◆ What the task asks:
Retype all the records below exactly as they are, with no image carried over.

◆ The input:
----
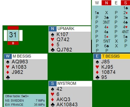 og da finner de vel ut av det de trenger? Nei, dessverre er det ikke alltid lengden det kommer an på. Fredrik Nystrøm hadde et spørsmål til makker. "Hvis du sparkontroll og et ess, da kan vi spille 6kl?" . Han fikk for så vidt svar på det han lurte på, men da var de allerede i 5ru! Noen ganger er det best å spill 1430 svar på Blackwood, mens andre ganger er det 0314 som funker. Nå prøvde de å buklande i 5NT, men Bessis var frampå med rødlappen når han skjønte at makker hadde majoressene. Hans hjerterkonge var beita i 5NT, denne gangen mange beit om NS hadde stoppet der. På det andre bordet gikk det omtrent likt til syd hadde reversert i ruter. Da hoppa nord til 5kl og meldingene stoppa der. Jeg skal ikke lære noen i hele verden å melde, men jeg føler at svensken i nord avga minst et cuebid for mye med sin essløse hånd. Det er noen som mener at cuebid under utgang ikke nødvendigvis viser tillegg, men hvordan skal syd vite om nord har Exx,Exxx,x,xxxxx (7kl er nedbrett) eller den hånda han har?
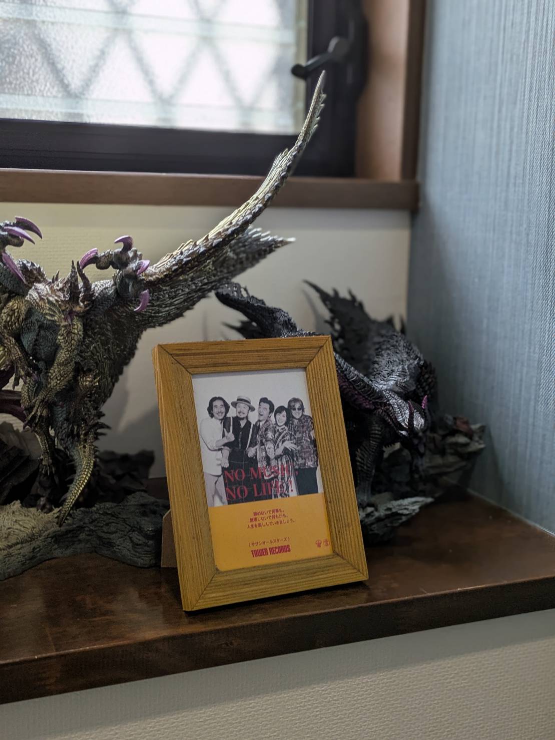 そして、その両隣には、息子が愛してやまないモンハン(モンスターハンター)の巨大フィギュアが鎮座! ちょっと異色の組み合わせ!
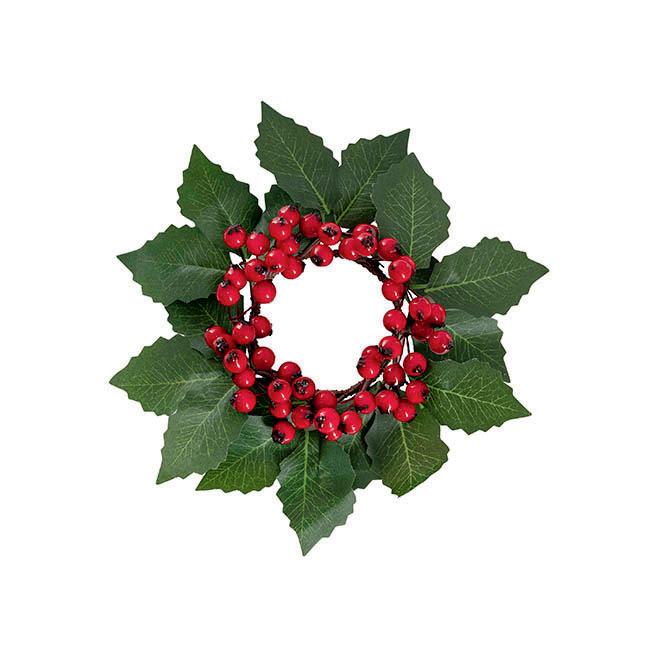 Holly Berry Candle Ring Wreath Red (17cmD)
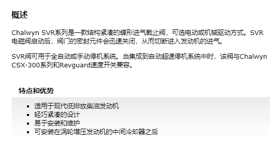 CHALWYN 蝶形进气截止阀SVR-3XX系列
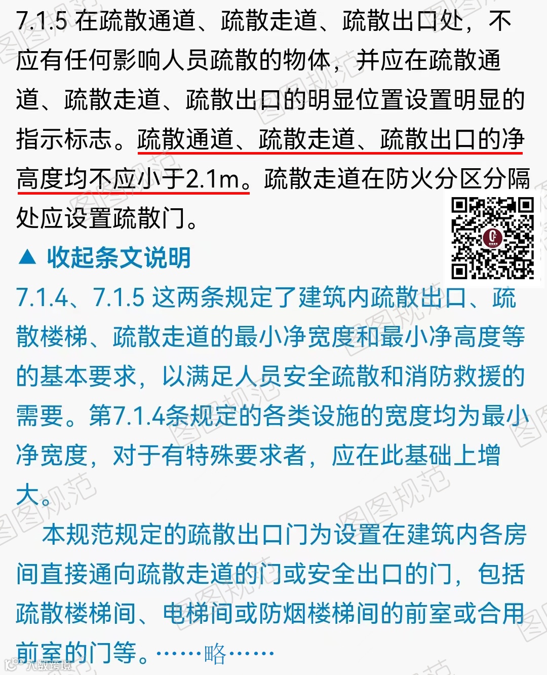 此处关于楼梯净高2.1m,《建筑防火通用规范》与《民用建筑防火通用规范》的规定不一致辞。在《〈建筑防火通用规范〉实施指南》中有也解析。
----
◆ Result of this task:
 og da finner de vel ut av det de trenger? Nei, dessverre er det ikke alltid lengden det kommer an på. Fredrik Nystrøm hadde et spørsmål til makker. "Hvis du sparkontroll og et ess, da kan vi spille 6kl?" . Han fikk for så vidt svar på det han lurte på, men da var de allerede i 5ru! Noen ganger er det best å spill 1430 svar på Blackwood, mens andre ganger er det 0314 som funker. Nå prøvde de å buklande i 5NT, men Bessis var frampå med rødlappen når han skjønte at makker hadde majoressene. Hans hjerterkonge var beita i 5NT, denne gangen mange beit om NS hadde stoppet der. På det andre bordet gikk det omtrent likt til syd hadde reversert i ruter. Da hoppa nord til 5kl og meldingene stoppa der. Jeg skal ikke lære noen i hele verden å melde, men jeg føler at svensken i nord avga minst et cuebid for mye med sin essløse hånd. Det er noen som mener at cuebid under utgang ikke nødvendigvis viser tillegg, men hvordan skal syd vite om nord har Exx,Exxx,x,xxxxx (7kl er nedbrett) eller den hånda han har?
 そして、その両隣には、息子が愛してやまないモンハン(モンスターハンター)の巨大フィギュアが鎮座! ちょっと異色の組み合わせ!
 Holly Berry Candle Ring Wreath Red (17cmD)
 CHALWYN 蝶形进气截止阀SVR-3XX系列
 此处关于楼梯净高2.1m,《建筑防火通用规范》与《民用建筑防火通用规范》的规定不一致辞。在《〈建筑防火通用规范〉实施指南》中有也解析。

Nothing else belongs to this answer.